Pittsburgher

Overview
- Service type: Inter-city rail
- Status: Discontinued
- Locale: Northeastern United States
- First service: January 14, 1924
- Last service: 1964
- Former operator(s): Pennsylvania Railroad

Route
- Termini: New York City Pittsburgh

Technical
- Track gauge: 1,435 mm (4 ft 8+1⁄2 in)

= Pittsburgher =

The Pittsburgher was an overnight limited passenger train operated by the Pennsylvania Railroad between New York City and Pittsburgh, Pennsylvania over the Pennsylvania's Main Line. It operated from 1924 to 1964 and one of the most prestigious trains operated by the Pennsylvania and perhaps the premier train between New York and Pittsburgh.

== History ==
The Pittsburgher began operation on January 14, 1924. The Pittsburgher was the premier Pennsylvania train operating between New York and Pittsburgh. Although not streamlined in 1938 as part of the "Fleet of Modernism", it was completely upgraded with streamlined equipment (but with no observation car) at the express request of U.S. steel business clientele. Although the train was considered all-Pullman, it frequently carried coaches on the end for day travelers going to Pittsburgh and back. In 1944, the Pittsburgher was discontinued as part of a government order that prohibited the use of sleeping cars between points less than 450 mi apart so the government could free up sleeping cars for the war effort. The next day, it was reinstated as a day train between the two points. By late 1945, it was back to running as an overnight, all-Pullman train between New York and Pittsburgh. Service was discontinued in 1964, and its sleepers were transferred to the Manhattan Limited.

== Equipment ==
During the 1940s, the Pittsburgher was assigned lightweight equipment from a pool of cars built by Pullman-Standard for the Pennsylvania Railroad immediately before World War II. These included City-series cars, with 18 roomettes; Brook-series cars, with 12 duplex single rooms and 5 double bedrooms; Imperial-series cars with four compartments, two drawing rooms, and four double bedrooms; and County-series cars, with 13 double bedrooms.

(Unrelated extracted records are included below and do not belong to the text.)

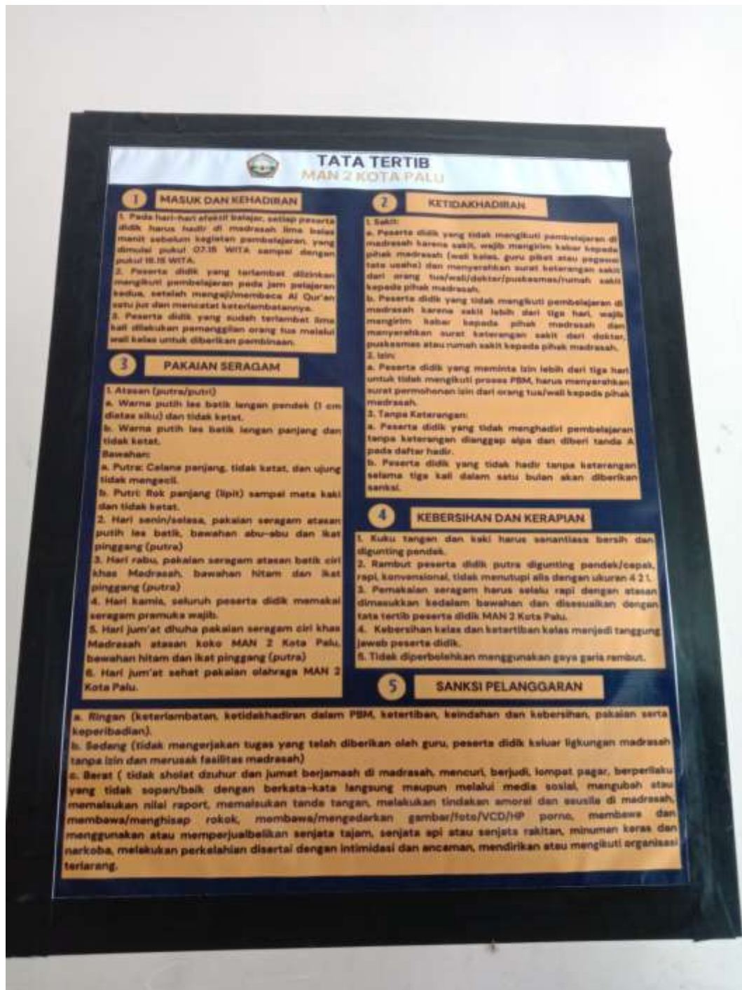
XI. Tata Tertib MAN 2 Kota Palu
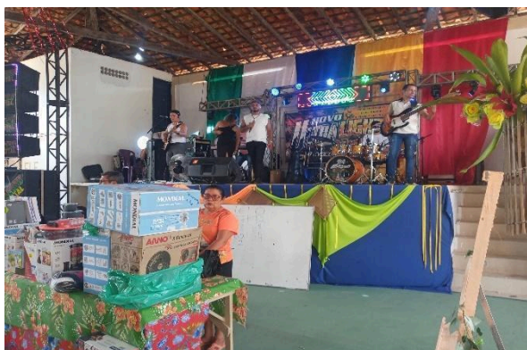
Figura 25 – A banda musical “Só Marcantes” animando o leilão.
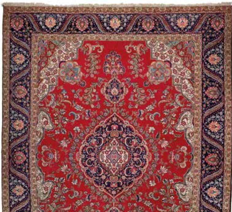
379 Très fin tapis persan Médailion central et champ à décor de rinceaux fleuris sur fond crème Naïn milieu du XX e siècle Dim 107 x 174 cm 700 / 900 €
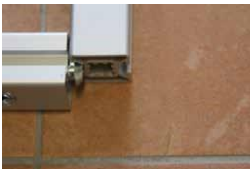
4. Eckverbindung ineinander schieben
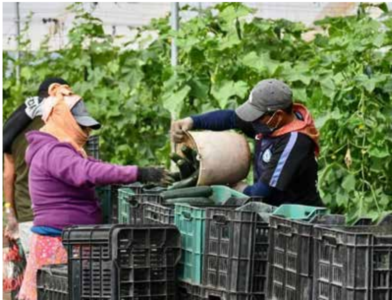
Sonora es el segundo productor de pepino con 198 mil 103 toneladas producidas en 2023.

cultores se encuentran en incertidumbre de cara al próximo ciclo, dado a que la siembra de este cultivo puede desaparecer o en el mejor de los casos tener una disminución considerable por causa
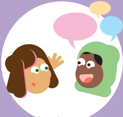
Ik kan luisteren
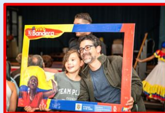
Jornada de Integración Cultural "Somos Colombia 2019"

En el 2020 en el marco de la emergencia sanitaria decretada por la pandemia, la sección consular prestó asistencia a 93 connacionales; gestionó la repatriación de 41 personas en vuelos humanitarios y entregó 19 bonos alimenticios a colombianos que quedaron en situación de vulnerabilidad.
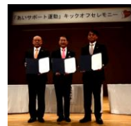
埼玉県富士見市及び 三芳町(H26.10.16)
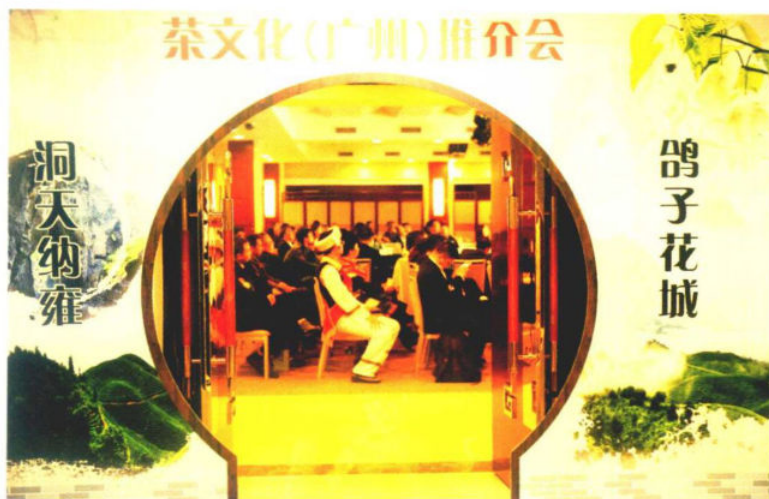
»纳雍县到广州推介纳雍农特产品
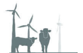
Productie: landbouw en energie
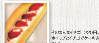
そのまんまイチゴ 220円。 ホイップとイチゴでケーキみたい!

取材協力 パン工房 メルクール 高槻市栄町2-5-11 営/9時~17時 日曜定休 ☎072-668-6934
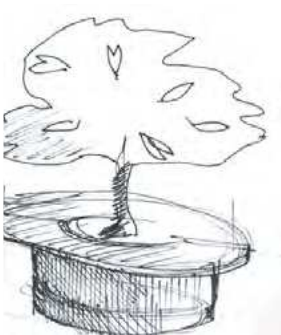
En skitsetegning af mobile træer version 2

Andre udfordringer har været bydelens kompakthed, hvor der skal tages hensyn til mange funktioner. Smalle fortove, cykelstativer og adgang for varevogne er nogle af de forhindringer, der besindigt skal med i planlægningen af flere mobile træer i bybillede, og er en udmærket afspejling af de daglige udfordringer, som bydelen møder.
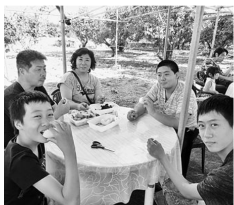
みずみずしいフルーツも食べ放題
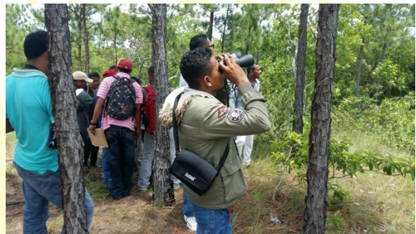
Observación de aves uso de binoculares
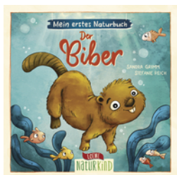
Mein erstes Naturbuch - Der Biber
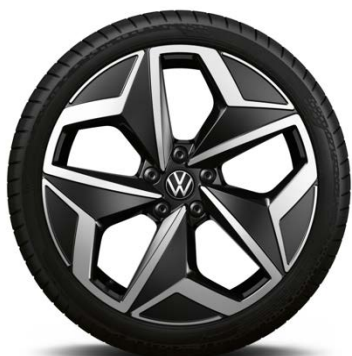
Di serie su Tour

... include bulloni ruote con sistema antifurto
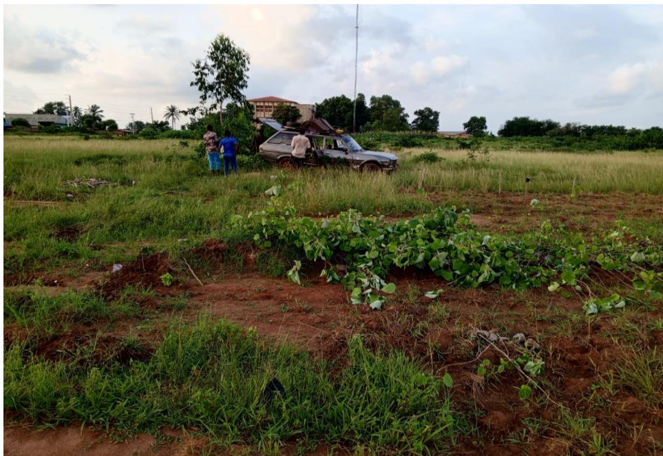
Arrivage des plants à l'université d'Adjarra

Au cours du troisième trimestre de 2023, l'équipe s'est consacrée à l'installation du jardin botanique. Les plantes ont été réceptionnées et mises en terre puis entretenues.
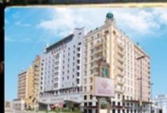
Grand Inn Hotel

กินอิ่ม นอนอุ่น พักหรู อยู่ดี การ์ันตี 4 ดาว
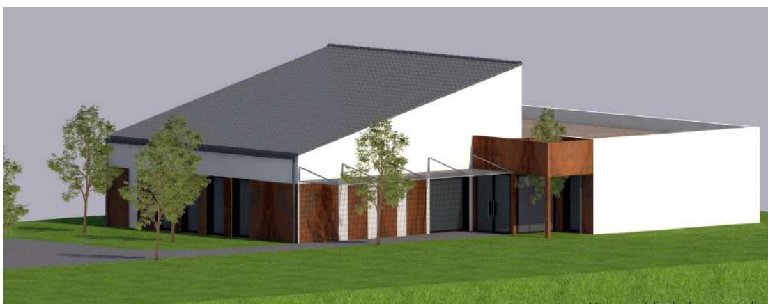
Maison médicale de La Bachellerie

- en zone d'intervention prioritaire (ZIP) permettant d'avoir des aides à l'installation pouvant aller jusqu'à 50000€ . Ces aides, proposées par les autorités de santé, se présentent sous diverses formes comme le Contrat d'Aide à l'Installation des Médecins (CAIM), le Contrat de Praticien Territorial en Médecine Générale (PTMG) ou encore le Contrat d'Engagement de Service Public (CESP).
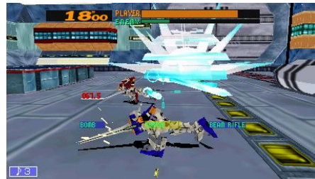
CHARACTER DESIGN:KATOKI HAJIME
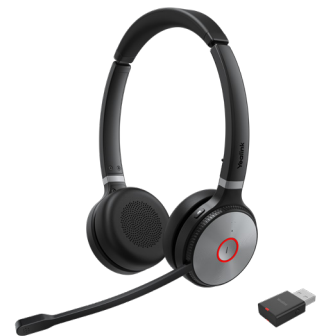
WH62 Dual Portable Teams WH62 Dual Portable UC

Sur la base de centaines d'évaluations de forme de visage et de milliers de tests de confort d'utilisation, le WH62 répond Portable largement aux exigences ergonomiques. En outre, avec ses coussins en cuir souple de qualité et sa conception légère, vous pouvez le porter confortablement toute la journée. Pour une plus grande liberté d'espace de travail, le WH62 peut également vous permettre de vous éloigner jusqu'à 120 m du bureau.
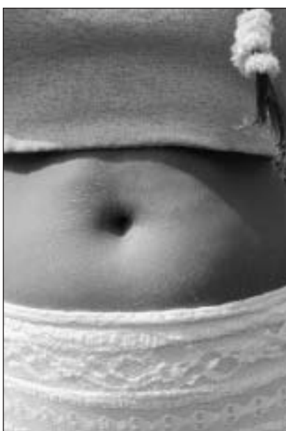
Tut en alv.
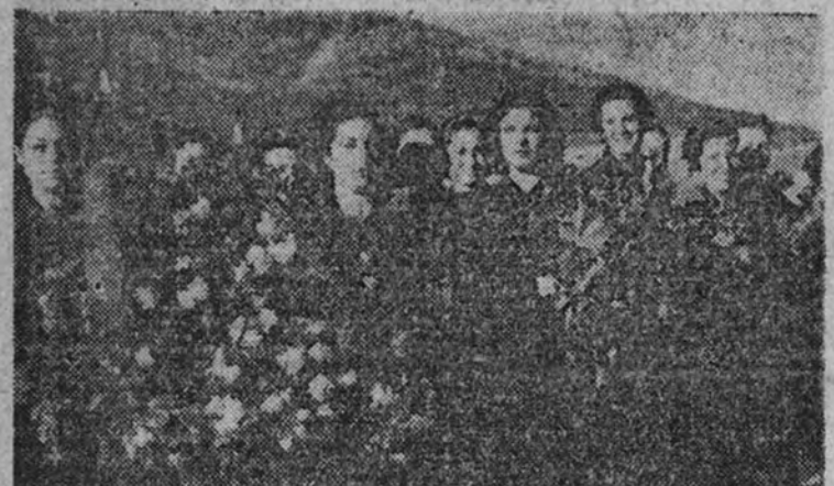
Camaradas de la Sección Femenina llevan ramos de flores para la tumba de José Antonio.

El Escorial, 30 de noviembre. Año de la Victoria.
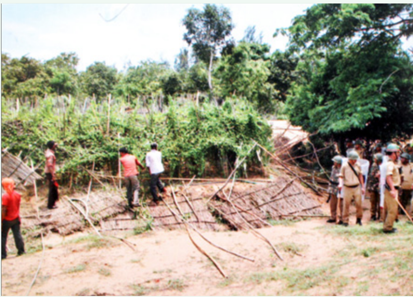
போஸ்கோ இரும்புச் சுரங்கத்தை அமைப்பதற்காக, ஓரிசாவின-குஜங்கா வட்டாரத்தில் அழிக்கப்படும் வெற்றிலைத் தோட்டங்கள்.

சந்தை விலைக்கு வாங்க வேண்டும்; நிலத்தை இழக்கும் குடும்பத்தைச் சேர்ந்த ஒருவருக்கு கார்ப்பரேட் நிறுவனங்கள் தமது திட்டத்தில் வேலைவாய்ப்பு அளிக்க முன்னுரிமை தர வேண்டும்; தமக்கு நிலத்தை விற்கும் விவசாயிகளைத் தமது திட்டத்தில் பங்குதாரராகச் சேர்த்துக் கொள்ள வேண்டும்; கார்ப்பரேட் நிறுவனங்களுக்கு நிலம் விற்கப்படுவதால், வேலையிழக்கும் விவசாயக் கூலிகள், கைவினைஞர்கள் ஆகியோருக்கும் நட்ட ஈடு வழங்க வேண்டும்'' என்றெல்லாம் பலவிதமான பொறிகள் இச்சட்டத்திருத்தத்தில் முன்வைக்கப்பட்டுள்ளன.
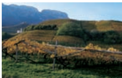
Weinanbauentwicklung in den Bezirken. Seite 306.

Zwischen Tradition und Fortschritt _____ 296
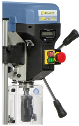
Serienmäßig mit digitaler Drehzahl- und Bohrtiefenanzeige
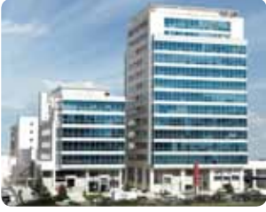
Merkez / Head Office
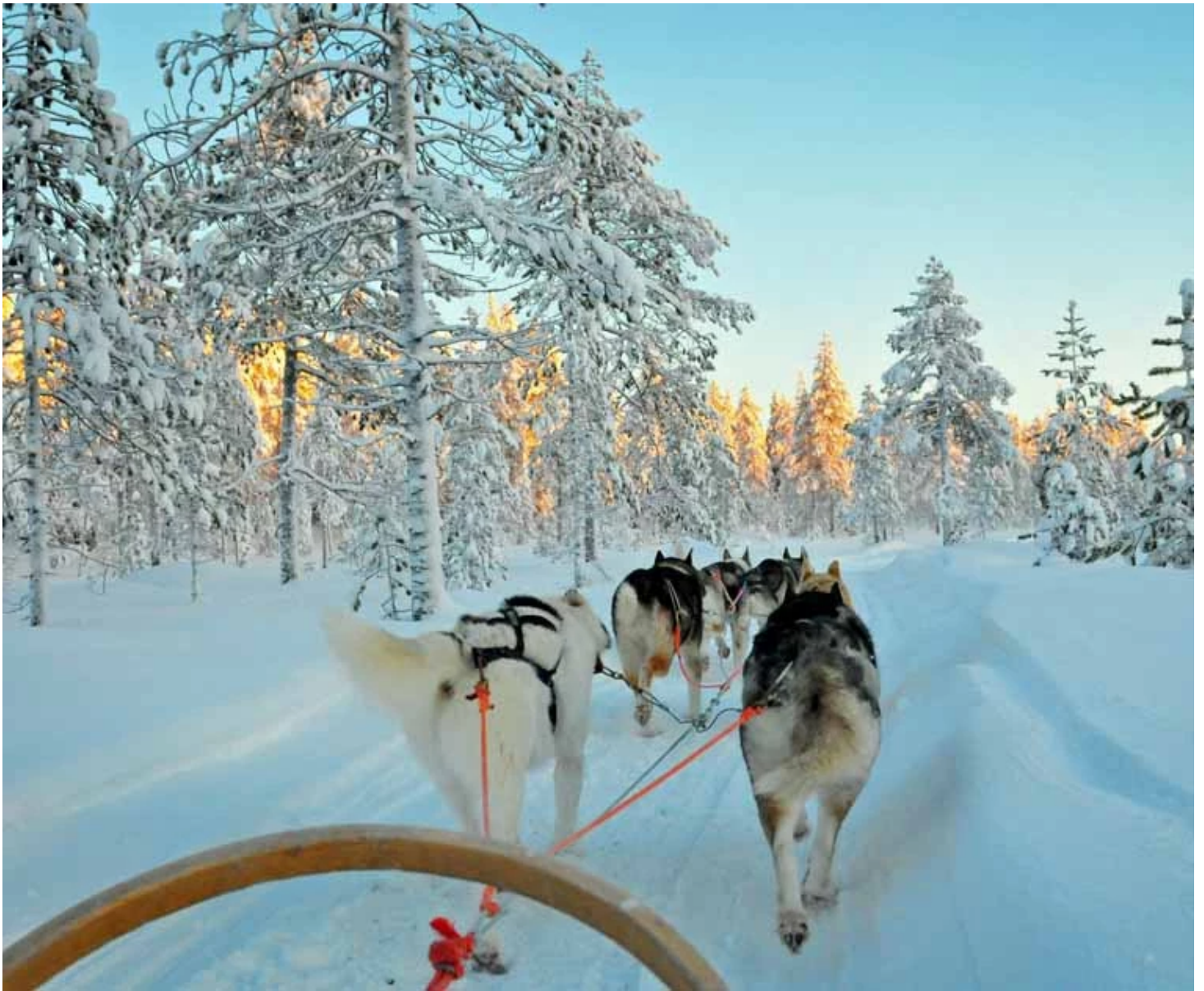
Traineau de chiens
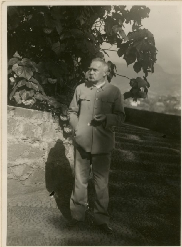
Marszałek na Madonie dn. 5 stycznia 1931r
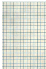
格子幅33 \mu m
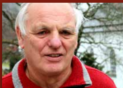
Arna kyrkje 150 år: Skreiv jubileumsboka Side 2-3
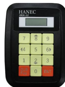
[ 操作卓 ]
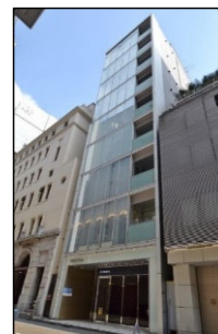
FPG links GINZA
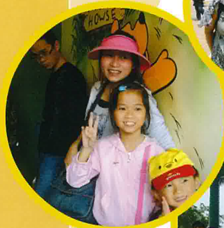
校長、老師與同學們都十分享受這個奇妙旅程！
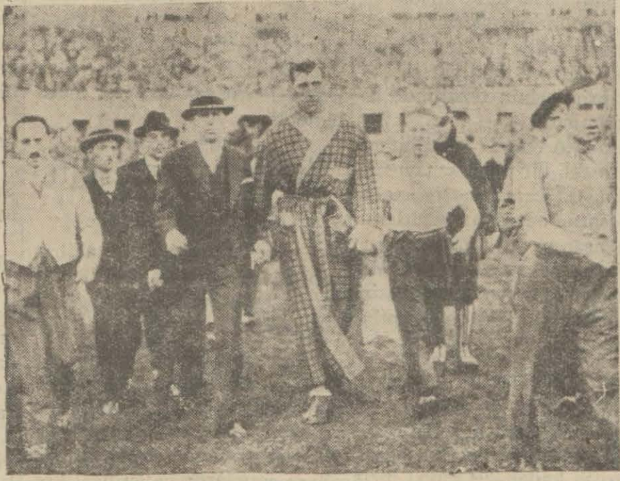
Karnera ringe giderken

Haftanın çok şayanı dikkat vak'ası hakkında güzel malûmat
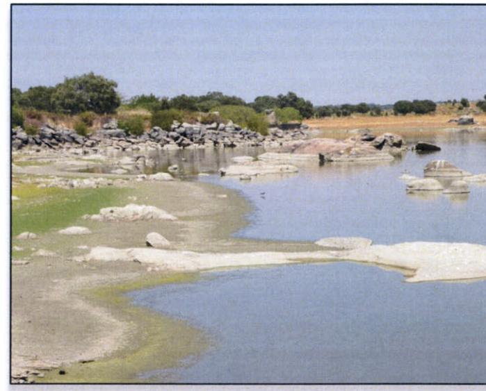
Embalse de la Charca del Lancho. Presa del s.XVIII
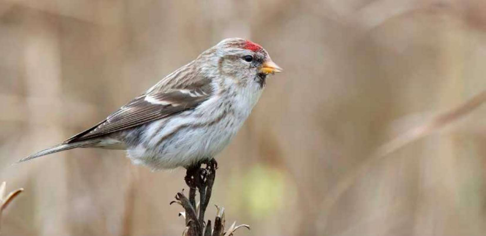
Grote Barmsijs in het Stadspark in Huizen januari 2024 | Jurriën Uiterwijk

The trains also carried a Colonial-series car with a drawing room, three double bedrooms, and a bar lounge. These were originally built in 1938 for use on the Liberty Limited, General, and Spirit of St. Louis. The trains also carried heavyweight baggage cars, a lightweight dining car, and westbound conveyed a Boston sleeping car from the New York, New Haven and Hartford Railroad's William Penn.